According to the topic of intent detection and slot filling in a task-oriented dialog system, we tested many studies on ATIS that focus on the intent-detection or slot-filling tasks to serve as baselines.

RNN-LSTM: Hakkani-Tür presented an approach that jointly modeled slot filling, intent detection, and domain classification in a single bidirectional RNN with LSTM cells [26].
Attention-based RNN: Liu and Lane studied using an RNN for the NLU task, with particular attention on modeling the output sequence dependencies [27]. The authors proposed to model the slot-label dependencies using a sampling approach by feeding the sampled output labels back to the sequence state.
Slot-gated: Chih-Wen proposed a slot-gated model that introduces an additional gate that leverages the intent context vector to improve the slot-filling performance [28].
CAPSULE-NLU: C. Zhang proposed a capsule-based neural network model that accomplished slot filling and intent detection via a dynamic routing-by-agreement scheme [37].
Joint BERT: Q. Chen proposed a joint intent-classification and slot-filling model based on BERT [33].

4.3. Experimental Setup

LSTM and CNN are meta modules in our joint model. According to the setup of the CNN, the number of filters in the convolution layer was set to 64 and the size of the kernel was set to 5. We used the ReLU function as the activation function. The convolutional initialization is orthogonal. With respect to the setup of LSTM and Bi-LSTM, the number of units was set to 128 and the number of hidden vectors was set to 64. During the regularized model training, the dropout rate value was set to 0.5 for acyclic connections, and the maximum number of iterations was set to 100 and 120 on the ATIS and Snips datasets respectively. The external knowledge base used WordNet. For the weighted-loss function, we used the weighted self-learning method based on the gradient descent algorithm to identify the weights, and the initial value was defined as 0.1. We used the Adam optimization method to adjust the parameters. Additionally, we used mini-batch training and set the mini-batch size to 16.

4.4. Results

The main task of the MTL with knowledge base for joint intent detection and slot filling that was proposed in this paper is to identify the intent and slot of the text that a user inputs in the dialog system. In this paper, the accuracy is used to evaluate the intent-detection task, and the F value is used to evaluate the slot-filling task. The experimental results are shown in Table 2. With the ATIS dataset, the accuracy values of intent detection and the F values of slot filling obtained by our model are 98.83% and 97.06% respectively, and with the Snips dataset, the accuracy value and F value are 98.79% and 97.31%, respectively. For comparison, the RNN-LSTM [26], attention-based RNN [27], slot-gated [28], joint BERT [33], and CAPSULE-NLU [37] models have demonstrated their performance on the ATIS and Snips datasets. It can be seen from Table 2 that, according to the accuracy index, our model outperforms the best joint BERT model [33] by 1.33% and 0.19% among the group of comparative models.
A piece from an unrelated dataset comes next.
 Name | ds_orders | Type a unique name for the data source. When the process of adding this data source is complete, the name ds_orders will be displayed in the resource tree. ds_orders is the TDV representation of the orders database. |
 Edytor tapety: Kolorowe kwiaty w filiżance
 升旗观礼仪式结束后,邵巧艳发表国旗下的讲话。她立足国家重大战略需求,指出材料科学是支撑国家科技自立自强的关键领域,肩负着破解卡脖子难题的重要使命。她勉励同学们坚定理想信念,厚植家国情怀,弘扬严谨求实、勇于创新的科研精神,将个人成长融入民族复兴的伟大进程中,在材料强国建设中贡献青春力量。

Meanwhile, with respect to the F index, our model outperforms the best joint BERT [33] by 0.94% and 0.31% among the group of comparative models. As shown in Table 2, we performed ablation analysis on the ATIS dataset. In the ATIS dataset, without joint learning, the accuracy of intent detection drops to 96.19% from 97.40%, and the F1 score of slot filling drops to 94.90% from 96.16%. Without a knowledge base, the accuracy of intent detection drops to 98.37% from 98.83%, and the F1 score of slot filling drops to 96.42% from 97.06%. The Snips dataset demonstrates the same trends. In other words, strong associations and mutual promotion between tasks may improve the intent-detection and slot-filling performance. Moreover, integrating knowledge base facilitates the performance improvement of intent-detection and slot-filling modules.

Three reasons may contribute to the superiority of our joint model, namely, the shared parameters, knowledge base, and joint promotion. First, our joint model uses the LSTM–CNN shared representation layer to obtain shared resources, which can be used to better learn more common information from the dataset and can lead to high scalability. Second, a knowledge base is introduced into the model to improve its performance. Third, we designed a weighted-loss function to build the joint optimization of these modules. In other words, strong associations and external knowledge bases between tasks promote the model’s performance.
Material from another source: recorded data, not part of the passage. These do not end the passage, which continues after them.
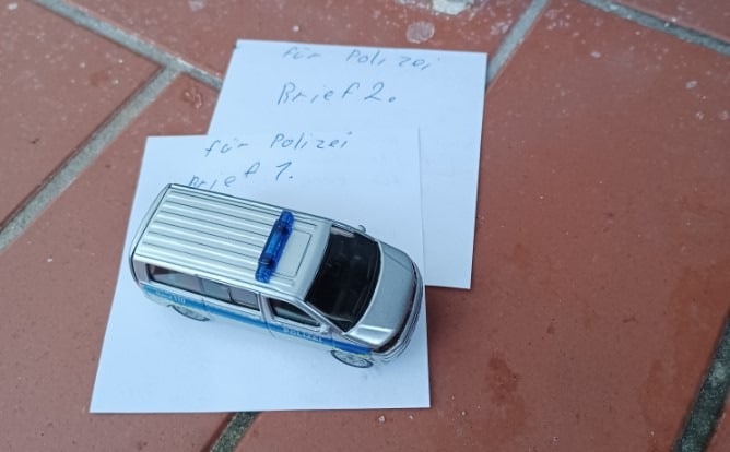 Als die Beamten der Polizeistation am Dienstagnachmittag (09.01.) zu ihrer Dienststelle zurückkehrten, fanden sie im Eingangsbereich eine freudige Überraschung vor. Auf der Türschwelle lagen zwei Briefe und ein kleiner Modell-Streifenwagen.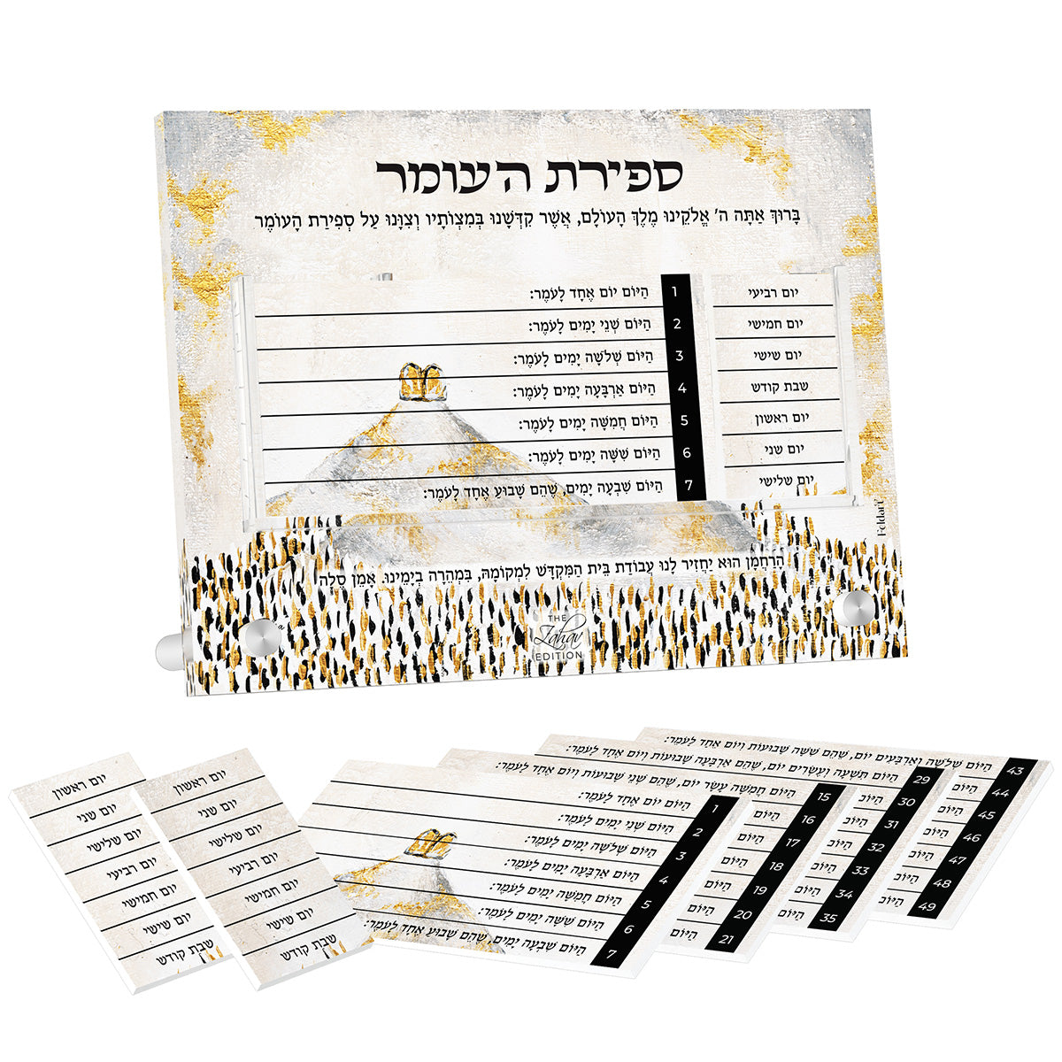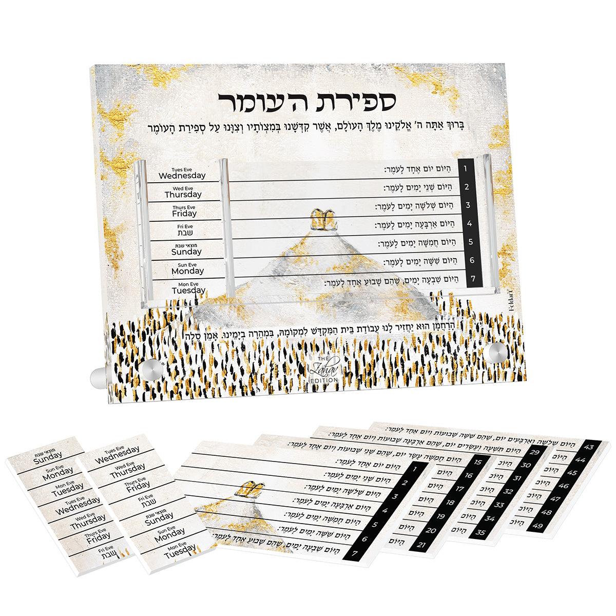 This innovative, exclusive chart has all the hebrew words you will need to count correctly. Easily find the correct yoim of that weeks Sefira Match the day + the day of the week easily. Can be used on Shabbos and Yom Tov so you never miss a day!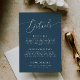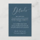Elegant and minimal wedding invitation enclosure card featuring modern script text at the top on a teal background. Customise this invite by adding information on your wedding including reception, accommodation, and website. Perfect for any season.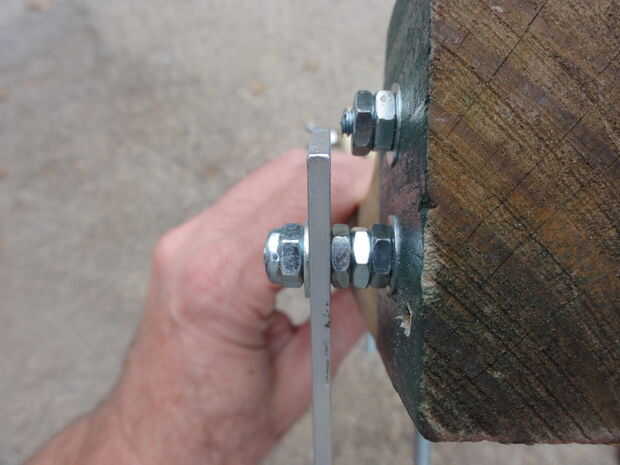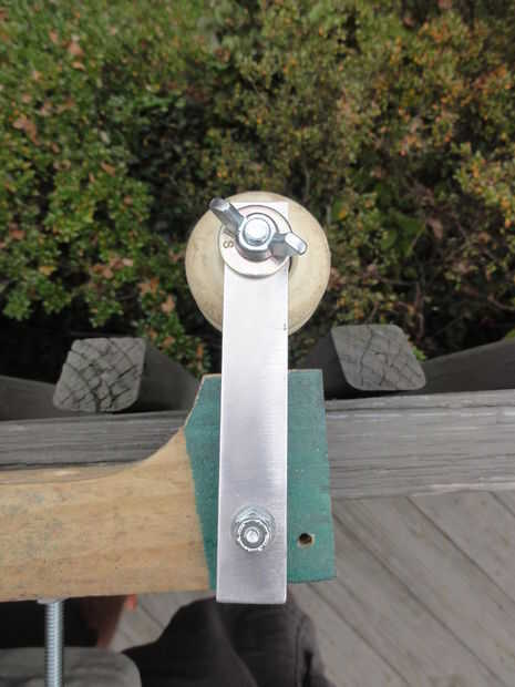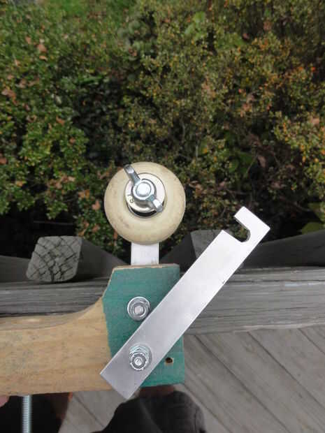 Por un lado corte una ranura en el lado del soporte que le permita hacer pivotar encendido y apagado el perno del eje para permitir que el aparejo montado en o extraído el cable mientras se encadenan entre sus apoyos. Corté la parte superior de los dos tornillos de máquina cortos después de asegurar con la tuerca y las arandelas para permitir el soporte rotar en solamente el perno de la parte inferior.

Here, we discuss an error analysis of the proposed methods. This error analysis will help improve our model. Two factors lead to error in our model. The first is lexical ambiguity. Ambiguity is a natural and common linguistic phenomenon in English. Some nouns were incorrectly identified as verbs, such as in the following sentence: “I would give this current book a rating of five and a best rating of six.” If we consider the word “book” as a verb, it should be marked as “O”. However, this word is a noun and should be marked as “object_type”. The second factor is the entity recognition problem. Some phrases cannot be recognized as an entity; e.g., “Find a photograph called ‘call on me’.” Here, “call on me” is an entity but cannot be recognized, which means we could not find the correct referred entity for the given mention.

5. Discussion

In this section, we demonstrate the influencing factors in our joint model, namely, shared representation, the BERT coding method, the knowledge base, and the learning-weighted loss function, respectively. First, we compared our MTL model based on the one-hot coding method with its pruning version that executes independent tasks on the ATIS dataset. The experimental results in Table 3 show that our joint model substantially outperforms both independent intent-detection and slot-filling models.

Then, we analyzed the effects of the BERT pre-train language model on this model. BERT is helpful for textual encoding and suitably manages tasks with deep semantic features. In general, applying this method can greatly enhance the performance of the NLP tasks with just a few words. Compared with the one-hot encoding, the effectiveness increased by 0.97% and 0.26% separately.

Furthermore, we further analyzed the key to the success of our joint model. From the shared resources standpoint, the shared parameters and features have been learned to represent the high correlation between intents and slots, which can fully determine the relationship between these two tasks.

We introduced the WordNet knowledge base as an external knowledge source to the Bi-LSTM model. The experimental results demonstrate that this method solves the problem of unknown words, and the model performance improves. This is because some knowledge existing in the knowledge base can help identify words that do not appear in the dataset. Furthermore, we selected a case from ATIS. Here, for example, if the dataset contains only the word “American”, the phrase “the United States” cannot be identified by relying solely on this dataset. However, if a knowledge base is introduced, by determining that “America” and “the United States” are synonyms, the phrase “the United States” can be identified.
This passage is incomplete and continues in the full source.